To do: Below is a listing to write out in full, exactly as given, without its pictures.

_ _ _ _ _ _ _

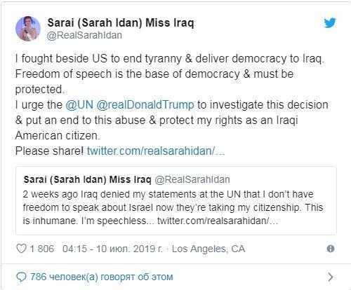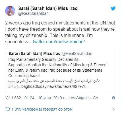 كشفت ملكة جمال العراق 2017 سارة عيدان أن حكومة بلادها تعمل على إسقاط الجنسية عنها بسبب دعمها للاحتلال الاسرائيلي، في مجلس حقوق الإنسان، ودعت المنظمة الأممية والولايات المتحدة وإسرائيل للتدخل.
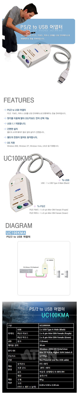 [ATEN] 에이텐 [USB to PS/2 케이블 0.3M] [UC100KMA-AT]
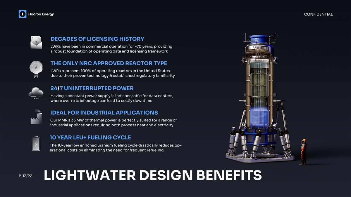 CONFIDENTIAL DECADES OF LICENSING HISTORY LWRs have been in commercial operation for ~70 years, providing a robust foundation of operating data and licensing framework THE ONLY NRC APPROVED REACTOR TYPE LWRs represent 100% of operating reactors in the United States due to their proven technology & established regulatory familiarity 24/7 UNINTERRUPTED POWER Having a constant power supply is indispensable for data centers, where even a brief outage can lead to costly downtime IDEAL FOR INDUSTRIAL APPLICATIONS Our MMR’s 35 MW of thermal power is perfectly suited for a range of industrial applications requiring both process heat and electricity 10 YEAR LEU+ FUELING CYCLE The 10-year low enriched uranium fueling cycle drastically reduces op- erational costs by eliminating the need for frequent refueling P. 13/22 LIGHTWATER DESIGN BENEFITS
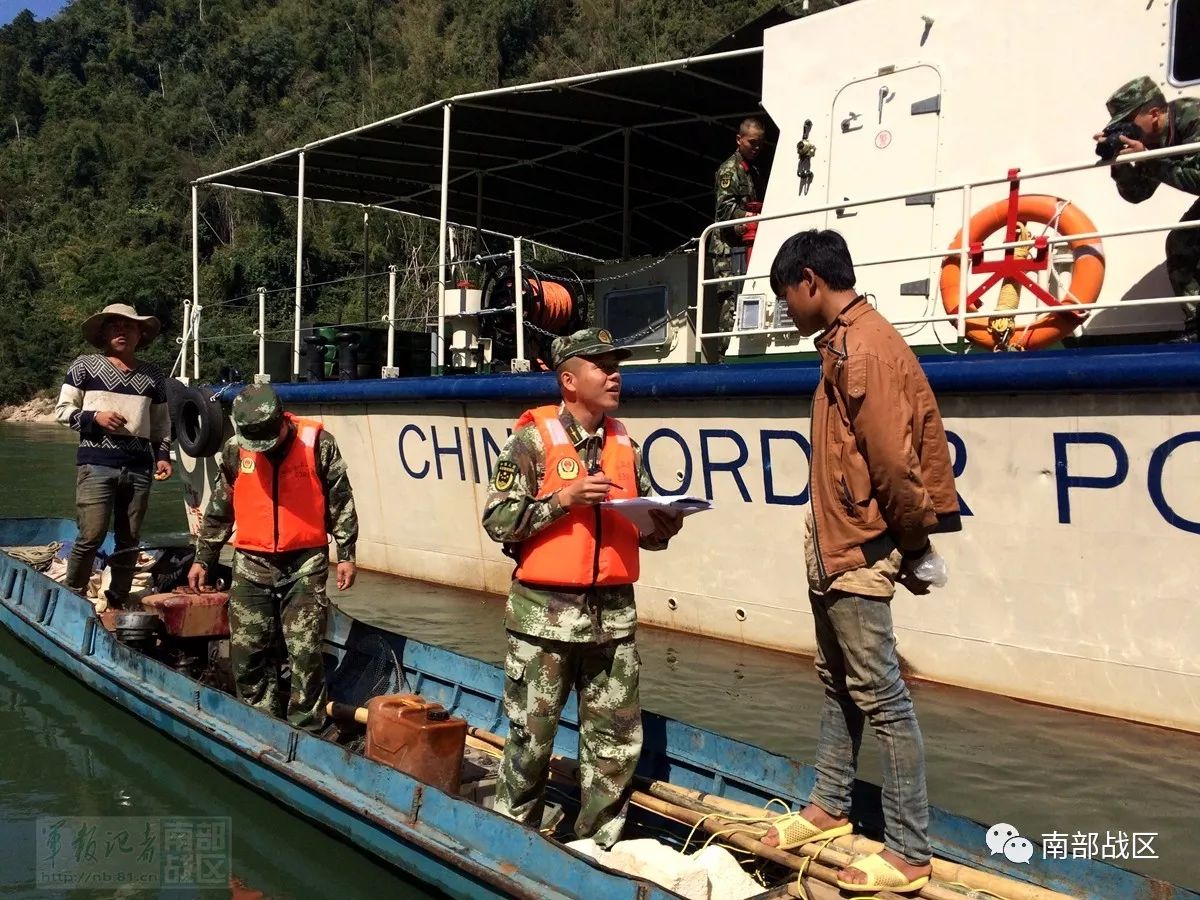 水上支队官兵检查进出湄公河的来往船只。
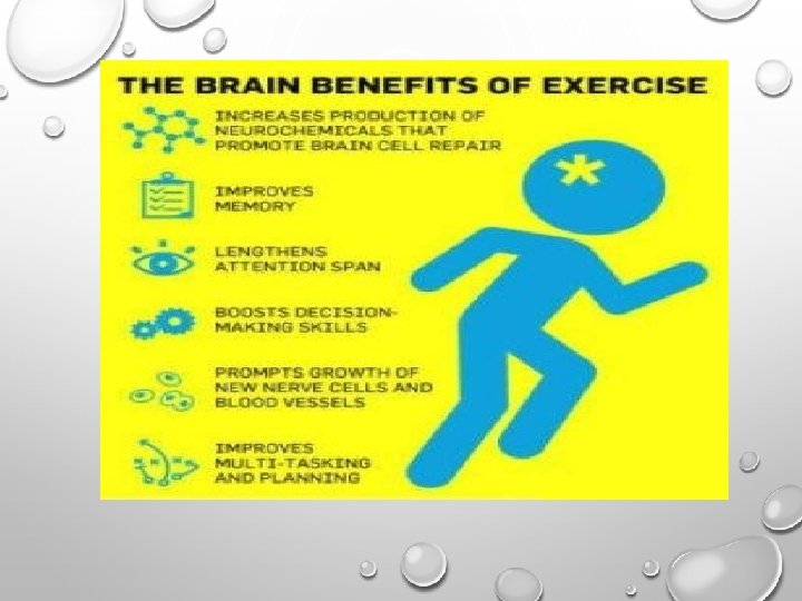 • 4. INCREASED “HAPPY” HORMONES: REGULAR AEROBIC EXERCISE INCREASES THE RELEASE OF ENDORPHINS THROUGHOUT THE BODY, WHICH ARE ASSOCIATED WITH FEELINGS OF HAPPINESS AND FEEL-GOOD SENSATION. • 5. INSPIRES CREATIVITY: HAVE WRITER’S BLOCK? TRY TAKING A QUICK JOG TO GET YOUR MUSCLES MOVING AND CHANCES ARE YOU WILL GET A SPARK OF CREATIVITY AND FOCUS WHEN YOU GO BACK TO THE COMPUTER DUE TO THE BRAIN STIMULATION YOU’VE GENERATED. • 6. REDUCTION OF ANXIETY AND MOOD DISORDERS: YEP THAT’S RIGHT! EXERCISE HAS BEEN PROVEN TO BE A VERY EFFECTIVE MEDICINE IN ACUTELY REDUCING ANXIETY, DEPRESSION AND OTHER MENTAL DISORDER

_ _ _ _ _ _ _

Finished task:
 كشفت ملكة جمال العراق 2017 سارة عيدان أن حكومة بلادها تعمل على إسقاط الجنسية عنها بسبب دعمها للاحتلال الاسرائيلي، في مجلس حقوق الإنسان، ودعت المنظمة الأممية والولايات المتحدة وإسرائيل للتدخل.
 [ATEN] 에이텐 [USB to PS/2 케이블 0.3M] [UC100KMA-AT]
 CONFIDENTIAL DECADES OF LICENSING HISTORY LWRs have been in commercial operation for ~70 years, providing a robust foundation of operating data and licensing framework THE ONLY NRC APPROVED REACTOR TYPE LWRs represent 100% of operating reactors in the United States due to their proven technology & established regulatory familiarity 24/7 UNINTERRUPTED POWER Having a constant power supply is indispensable for data centers, where even a brief outage can lead to costly downtime IDEAL FOR INDUSTRIAL APPLICATIONS Our MMR’s 35 MW of thermal power is perfectly suited for a range of industrial applications requiring both process heat and electricity 10 YEAR LEU+ FUELING CYCLE The 10-year low enriched uranium fueling cycle drastically reduces op- erational costs by eliminating the need for frequent refueling P. 13/22 LIGHTWATER DESIGN BENEFITS
 水上支队官兵检查进出湄公河的来往船只。
 • 4. INCREASED “HAPPY” HORMONES: REGULAR AEROBIC EXERCISE INCREASES THE RELEASE OF ENDORPHINS THROUGHOUT THE BODY, WHICH ARE ASSOCIATED WITH FEELINGS OF HAPPINESS AND FEEL-GOOD SENSATION. • 5. INSPIRES CREATIVITY: HAVE WRITER’S BLOCK? TRY TAKING A QUICK JOG TO GET YOUR MUSCLES MOVING AND CHANCES ARE YOU WILL GET A SPARK OF CREATIVITY AND FOCUS WHEN YOU GO BACK TO THE COMPUTER DUE TO THE BRAIN STIMULATION YOU’VE GENERATED. • 6. REDUCTION OF ANXIETY AND MOOD DISORDERS: YEP THAT’S RIGHT! EXERCISE HAS BEEN PROVEN TO BE A VERY EFFECTIVE MEDICINE IN ACUTELY REDUCING ANXIETY, DEPRESSION AND OTHER MENTAL DISORDER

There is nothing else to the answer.